▶ _Your task_
The lines to return run from the one containing "Product Code: FHM858" through the end of the material; give them exactly and leave out the pictures.

▶ _Data excerpt_
═══

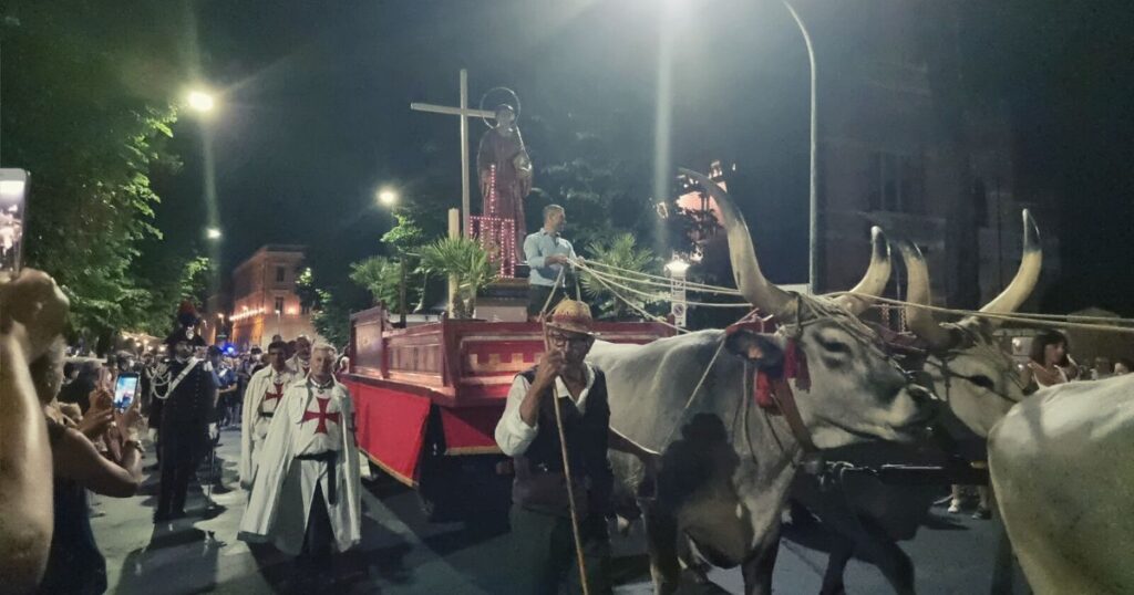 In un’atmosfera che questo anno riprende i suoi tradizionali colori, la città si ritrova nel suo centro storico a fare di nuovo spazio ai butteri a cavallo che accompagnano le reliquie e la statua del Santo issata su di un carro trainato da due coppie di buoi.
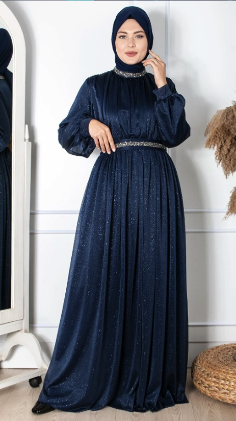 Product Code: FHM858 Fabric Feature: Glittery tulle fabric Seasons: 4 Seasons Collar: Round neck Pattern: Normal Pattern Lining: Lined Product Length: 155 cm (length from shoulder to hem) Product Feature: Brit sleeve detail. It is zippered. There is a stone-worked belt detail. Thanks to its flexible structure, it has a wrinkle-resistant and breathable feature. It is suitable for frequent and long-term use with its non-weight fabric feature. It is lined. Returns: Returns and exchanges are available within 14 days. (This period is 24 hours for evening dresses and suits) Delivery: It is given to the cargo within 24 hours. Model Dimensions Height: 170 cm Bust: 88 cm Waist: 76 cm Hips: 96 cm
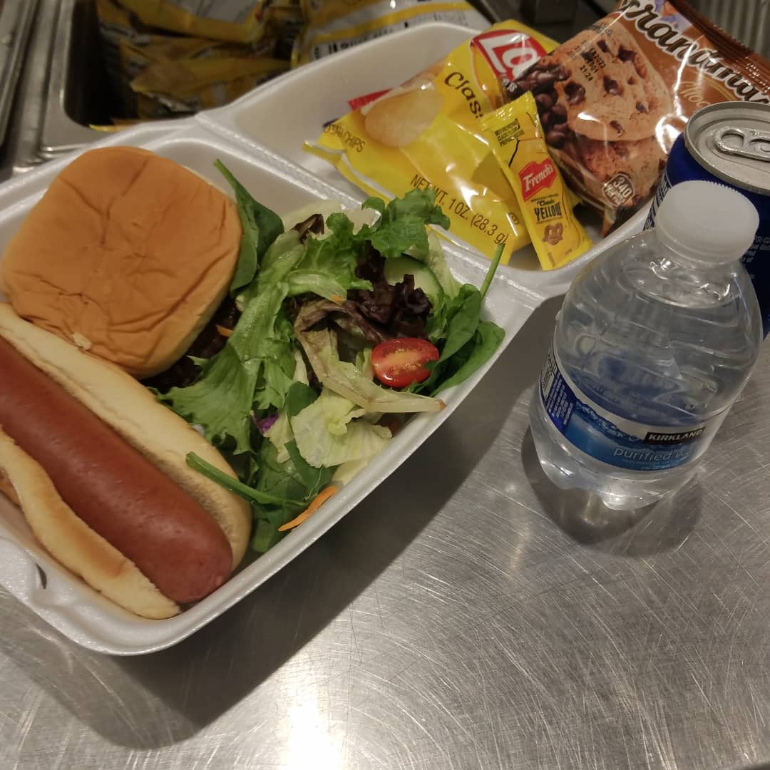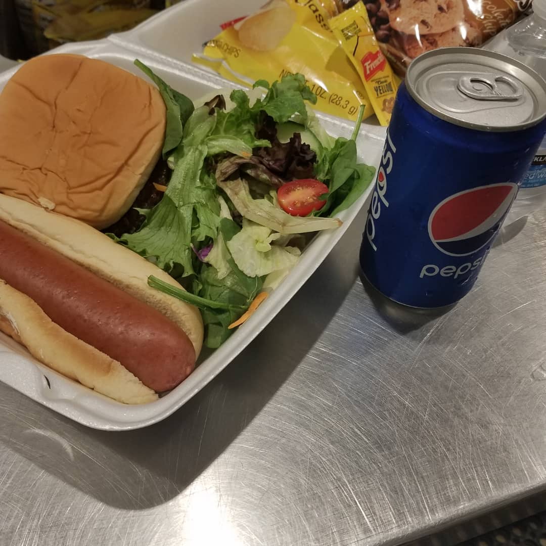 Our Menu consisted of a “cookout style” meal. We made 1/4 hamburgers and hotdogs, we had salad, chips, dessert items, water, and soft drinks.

═══

▶ _Output for this exercise_
 Product Code: FHM858 Fabric Feature: Glittery tulle fabric Seasons: 4 Seasons Collar: Round neck Pattern: Normal Pattern Lining: Lined Product Length: 155 cm (length from shoulder to hem) Product Feature: Brit sleeve detail. It is zippered. There is a stone-worked belt detail. Thanks to its flexible structure, it has a wrinkle-resistant and breathable feature. It is suitable for frequent and long-term use with its non-weight fabric feature. It is lined. Returns: Returns and exchanges are available within 14 days. (This period is 24 hours for evening dresses and suits) Delivery: It is given to the cargo within 24 hours. Model Dimensions Height: 170 cm Bust: 88 cm Waist: 76 cm Hips: 96 cm
 Our Menu consisted of a “cookout style” meal. We made 1/4 hamburgers and hotdogs, we had salad, chips, dessert items, water, and soft drinks.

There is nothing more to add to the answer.